The gross proceeds from the Offering, including the $1 million Note Termination, and excluding the proceeds to be received upon exercise of the Pre-Funded Warrants, are expected to be approximately $7.1 million before deducting approximately $401,000 representing the fees and expenses of the placement agent payable by the Company. The Company intends to use the net proceeds from the Offering for working capital and general corporate purposes.

The Series A and Series B Warrants will have an exercise price of $0.87 per ADS, which is equal to the Nasdaq official closing price of the Company’s ADSs on the Nasdaq Capital Market on February 28, 2025 and will be exercisable immediately following the date of issuance. The Series A Warrants and Series B Warrants will expire one year or five years, respectively, from the closing date of the Offering. The Pre-Funded Warrants will be exercisable immediately and may be exercised at any time until all of the Pre-Funded Warrants are exercised in full.

The Company paid Paulson Investment Company, LLC ("Paulson") (the "Placement Agent") (i) a cash fee equal to 7% (or 3.5% for any investor that is a director, insider or affiliate of the Company) of the aggregate purchase price for the Units sold in the Offering (and excluding the Units issued to Dr. Huh in respect to the Note Termination) and (ii) 3% of the total number of ADS issued in the Offering, including any of the ADSs issuable upon exercise of the Pre-Funded Warrants (and excluding the ADSs issued to Dr. Huh in respect to the Note Termination).

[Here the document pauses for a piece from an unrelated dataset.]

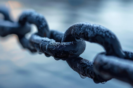 Close up view of a frozen metal chain glittering in the morning light, with a shallow depth of field

Pursuant to the Purchase Agreement, the Company has agreed to prepare and file a registration statement on Form S-3 with the Securities and Exchange Commission no later sixty days following the closing of the Offering to register the resale of the Shares (including ADSs issuable upon exercise of the Warrants) purchased pursuant to the Purchase Agreement. The Purchase Agreement also contains representations, warranties, indemnification and other provisions customary for transactions of this nature. The Offering is expected to close on March 5, 2025, subject to the satisfaction of customary closing conditions.

The securities to be issued to the purchasers under the Purchase Agreement were offered in reliance on an exemption from registration provided by Section 4(a)(2) of the Securities Act of 1933, as amended (the "Securities Act") and Rule 506 of Regulation D promulgated thereunder. The Company relied on this exemption from registration based in part on representations made by the purchasers, including that each purchaser is an "accredited investor", as defined in Rule 501(a) promulgated under the Securities Act.

The offer and sale of the securities pursuant to the Purchase Agreement have not been registered under the Securities Act or any state securities laws. The securities may not be offered or sold in the United States absent registration or an applicable exemption from registration requirements. Neither this Current Report on Form 8-K, nor the exhibits attached hereto, is an offer to sell or the solicitation of an offer to buy the securities described herein or therein.

The foregoing summary of the terms of the Warrants and the Purchase Agreement is subject to, and qualified in its entirety by, the full text of such agreements, which are filed as Exhibits 4.1, 4.2, 4.3 and 10.1, respectively, to this Current Report on Form 8-K and are incorporated by reference herein.